Background information
- Born: Mehdi Nassiri June 25, 1978 (age 47) Casablanca, Morocco
- Genres: Tech house, house
- Occupations: Musician, DJ, Record Producer
- Years active: 1996–present
- Labels: Size Records Axtone Spinnin' Armada
- Website: www.djmednas.com www.mednasmusic.com

= Mednas =

Moroccan electronic musician (born 1978)

Mehdi Nassiri (born June 25, 1978), known professionally as Mednas, is a Moroccan DJ and producer from Casablanca. Mednas currently holds his residency at LIV, a nightclub located at the Fontainebleau Miami Beach.

== Life and musical career ==
=== Early life and career ===
Nassiri derives his moniker "Mednas" from a mix-up of his given name, Mehdi Nassiri. He was born in Casablanca and raised in Marrakesh and Tangier, Morocco.

To complete his degree in international business, Nassiri transferred to Saint Louis University Main Campus in St.
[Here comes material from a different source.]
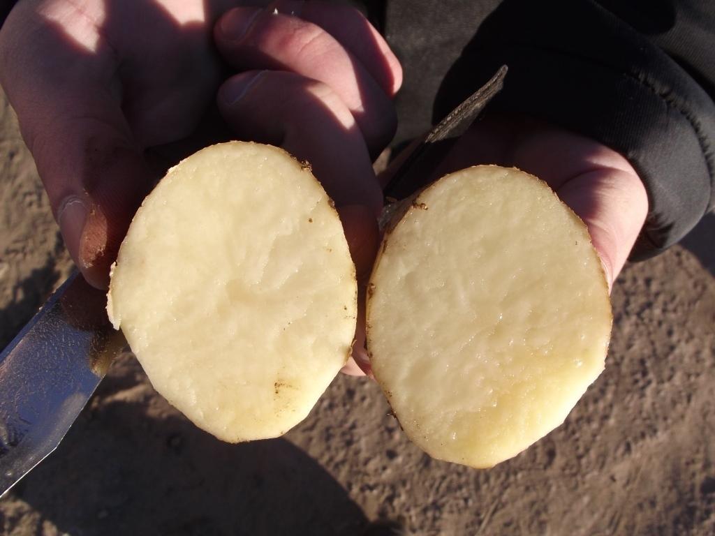Крахмала в них около 17%, а сахара 0,12%. При нарезке срезы не темнеют, что дает возможность готовить драники и оладьи, которые остаются светлыми. При варке и жарении мякоть не рассыпается, а сохраняет форму. Пюре получается пышным и ароматным.

Louis, Missouri. In 2008, he moved to Miami, Florida to pursue his career in music.

=== Musical influences ===
Nassiri has always enjoyed listening to different genres of music. He incorporates these various music styles into his DJ sets. When he DJ's, he adapts his song choices to the crowd's energy and preferences.
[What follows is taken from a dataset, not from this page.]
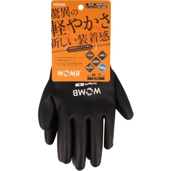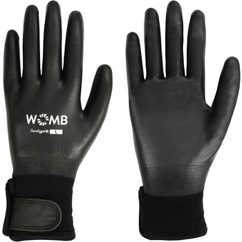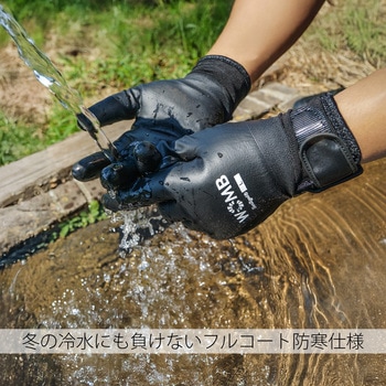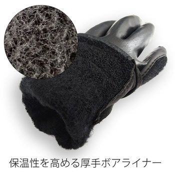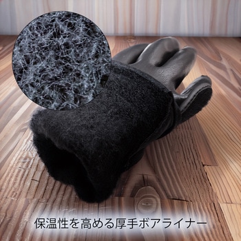 背抜きの甲側をコートする製法で、フィット感と防水性を兼備しています。水や土、油を防ぐウレタン素材のフルコート形状です。裏側は厚手ボアライナーで、温かさを保ちます。袖口のベルクロで、フィット性と防寒性を向上しています。菌の繁殖を抑制し、汗などによるニオイを防ぐサニタイズ抗菌抑臭加工を施しています。EN ISO374-5ウイルス防護基準に準拠しており、ウイルスや菌類の侵入を防ぐ高い防護性能があります。
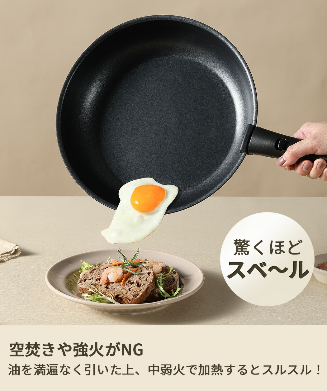 🍀【健康素材・安全安心】体に悪影響を与える PFOA・PFOS・鉛・カドミウムなどを一切使用しません。人間と地球環境に優しい材料が使われています。 👍【着脱式専用取っ手】簡単に取り外せる専用取っ手、いろんなシーンに合わせて便利に使えます。取っ手が邪魔にならないため、スペースが限られた場所にも収納できます。調理後は、鍋敷きを置いた食卓に出すことも可能です 🍳【軽量化に工夫】変形に強くて耐久性に優れています。軽量設計されたため、お調理の時もお手入れの時も非常に使いやすく手が疲れにくいです 🍳【快適な調理体験】コーティングをしているため、焦げ付きにくくスムーズに調理できます。調理後もスポンジで軽く拭くだけで、汚れもスルッと落ちます 🌞【対応熱源】IH(100V・200V)、 ガスコンロ、 ラジエンヒーター 、エンクローヒーター 、シーズヒーター等オール熱源対応;※電子レンジ&食洗機非対応 🔧【1年保証】保証期間は、お買い上げ後1年間です。注意事項に従った使用状態で保証期間内に故障した場合には、返品・返金・交換でご対応させていただきます。 【取っ手がもう一本欲しい】:取っ手の単品の購入へ

"With electronic [dance music], I can finally combine all kinds of music into one."
— Mednas

Nassiri lists his influences as Depeche Mode, Chaka Khan, Aretha Franklin, New Order, and Pearl Jam, among others.

=== Performances ===
Throughout his world travels, Nassiri has held residencies and spun at various venues. Living in Spain exposed Nassiri to the professional side of DJing, where he spun at clubs such as Pacha, Arena, Cool Ballroom and more. In Morocco, he spun at Pacha, Nikki Beach and Morocco's International Festival of Essaouira, which gathered more than 30,000 people.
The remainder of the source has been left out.